Musings

Salvaging(?) 151

Given my possession of a full case (~3 gallons) of 151 proof grain alcohol, useless for much of anything but cleaning brushes, I decided to try to salvage it if possible.

Mixing some varnish with pure 151 was the obvious place to start.  I mixed up a pint of the shellac lemon resin as normal for a 190 mix, then let it sit for several days to see if it would go into solution.

It did not.

I next added some 190 to the pseudosolution, estimating that a proportional addition would result in a roughly proportional increase in the proof/solubility parameter.  By that metric I was able to achieve complete solvation around the 170 proof level.  A couple days at that level and I had a container of shellac varnish.

I brushed it onto a sample panel with vaguely successful results.  The first application, in particular, had simply horrible brush-feel, and the result was not promising.

But, with stubborn determination I applied another half dozen coats in a two hour period, and two days later it had fused into something resembling a finish.  It would not have been an acceptable surface for a typical finishing project, but I charged ahead to see what, if anything, could be resultant from taking the exercise to completion.

With the brushed out surface cured for a few days, I scraped it over half of the panel surface, then detailed it with my “go to” step of rubbing it with Liberon 0000 steel wool and paste wax, then buffing the surface after a couple hours.

The end result was not awful.  It doesn’t mean that I’ll be using much 151 proof grain alcohol in varnish making, but its’s good to know that I could use it if I really needed to.

Aiming for Amana

With my final teaching for the year now completed (more about that in a coming post) and the yardwork slowly tapering off, I am very much looking forward to returning to the shop pretty much full-time in the near future.

One of the targeted activities is prepping for Handworks in Amana, Iowa, over the Labor Day weekend.  If you have any interest in handtool woodworking, you would find it sorta like a cross between Woodstock and a San Fransisco open air drug market, but for tools.

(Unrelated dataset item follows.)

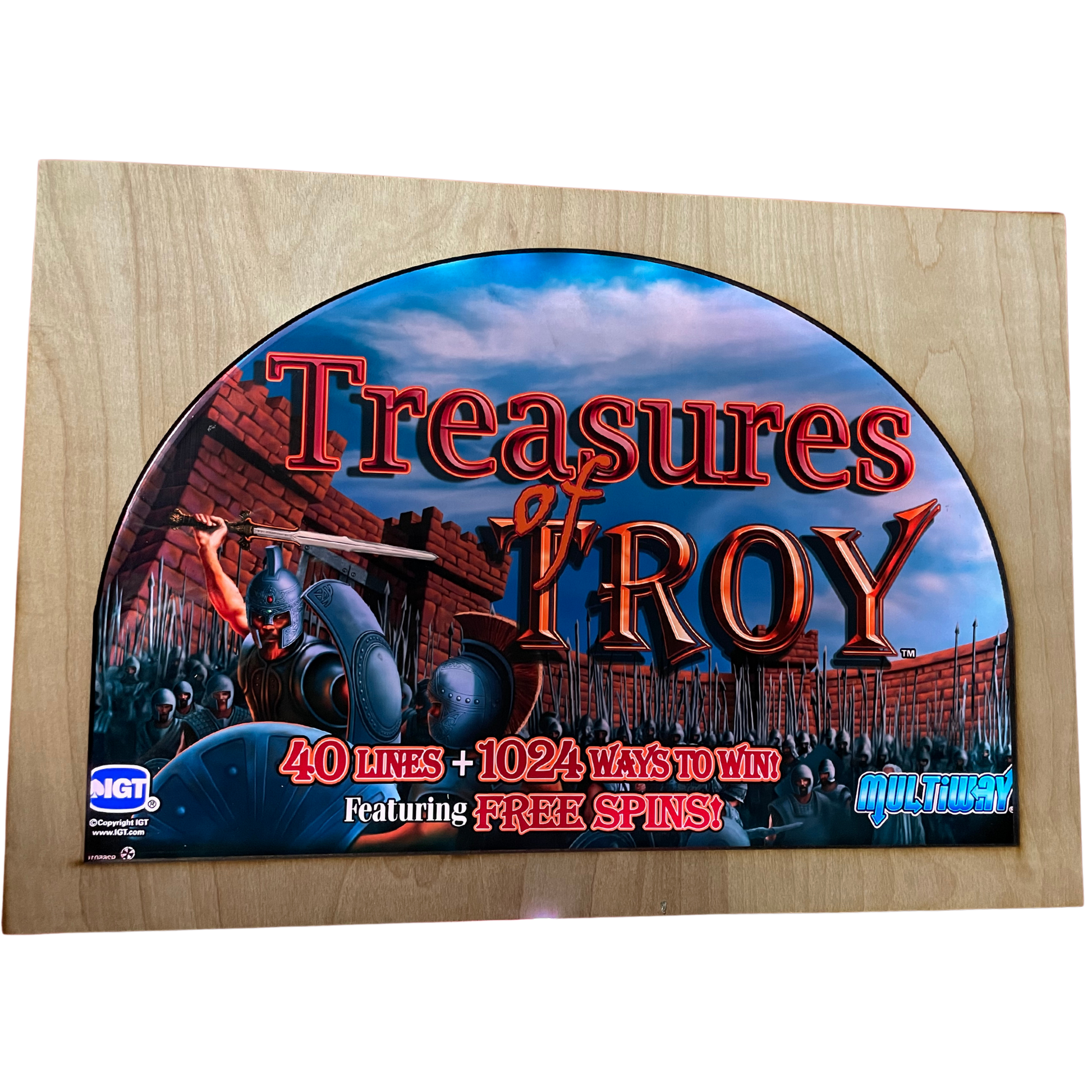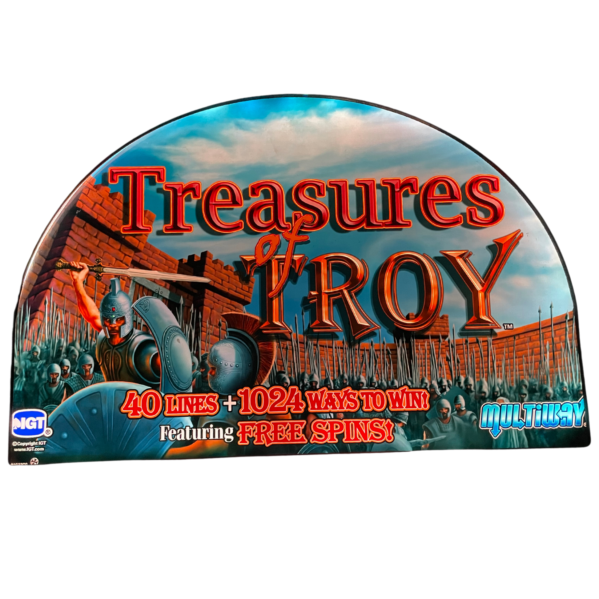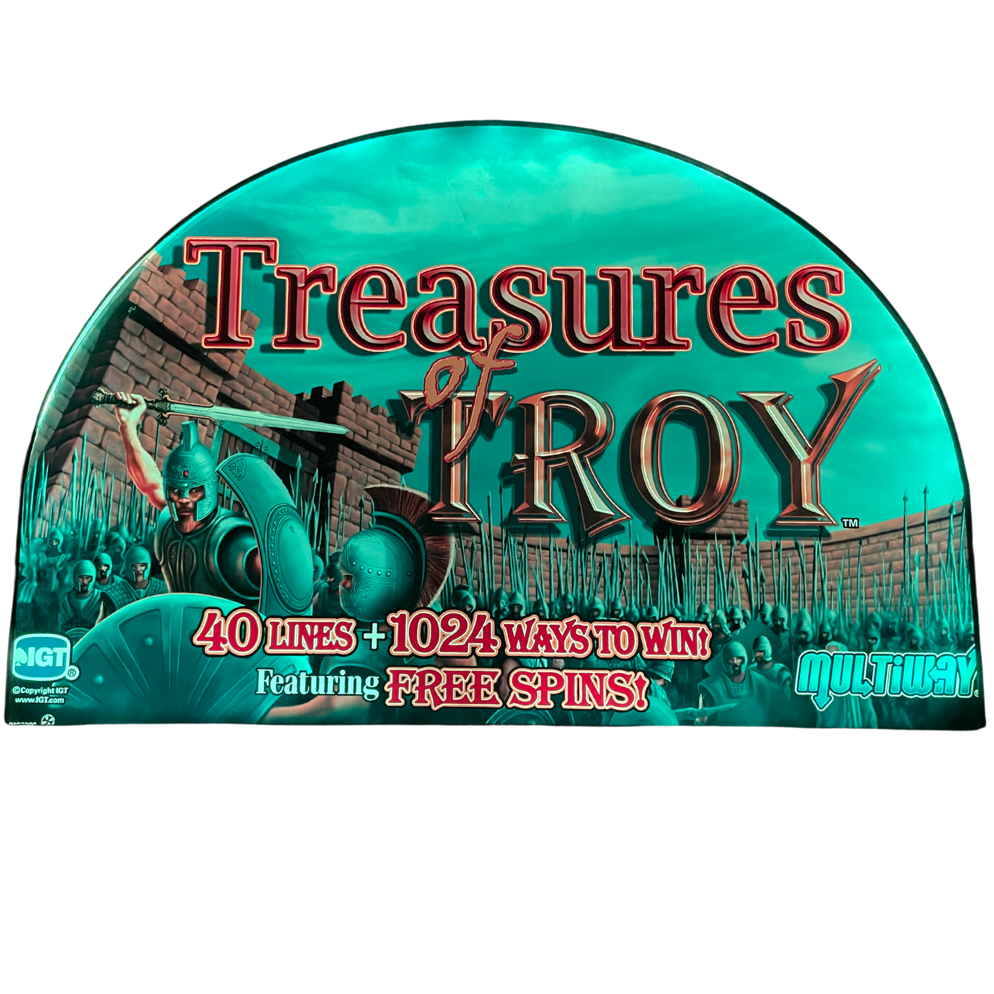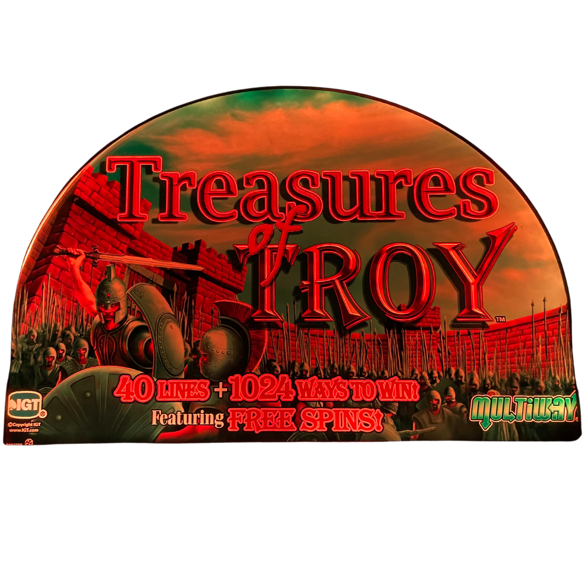 The "Treasures of Troy" slot machine brings the epic tale of the Trojan War to life with a richly detailed and action-packed design. The display features a dramatic scene of armored warriors ready for battle against the backdrop of the ancient city of Troy, with towering walls and determined soldiers setting the stage for an adventurous gaming experience.

Weighing and packaging 2-lb bags of #1 Lemon shellac flour. Ask me the story about this some time.

A tub o’ “gold dust.”

Yesterday while putting away my supplies and workpieces from the Introduction to Historic Woodworking workshop I soon pivoted to packaging up a quantity of my #1 Lemon Shellac flour for resale there.  I’d had a bag on the bench to get some packaged for the workshop, and it was easier just to repackage the rest rather than haul it back downstairs.  I will ask Mrs. Barn to do her thing with melting and casting the beeswax bars, I’ll make another several batches of shellac wax and my Blend 31 bars, my polissoir-maker is working diligently to get me enough inventory for Amana…

Workshop Prep

For the past three weeks I’ve been spending all my available shop time preparing for next week’s Introduction to Historic Woodfinishing workshop over the mountains at Joshua Farnsworth’s Wood and Shop school.  If you have ever traveled to teach a workshop you know how involved it can be to assemble and pack all the requisite supplies and syllabus exercises for each student, all the more complicated since you won’t be “at home” and could go into the next room for anything you forgot to have set out.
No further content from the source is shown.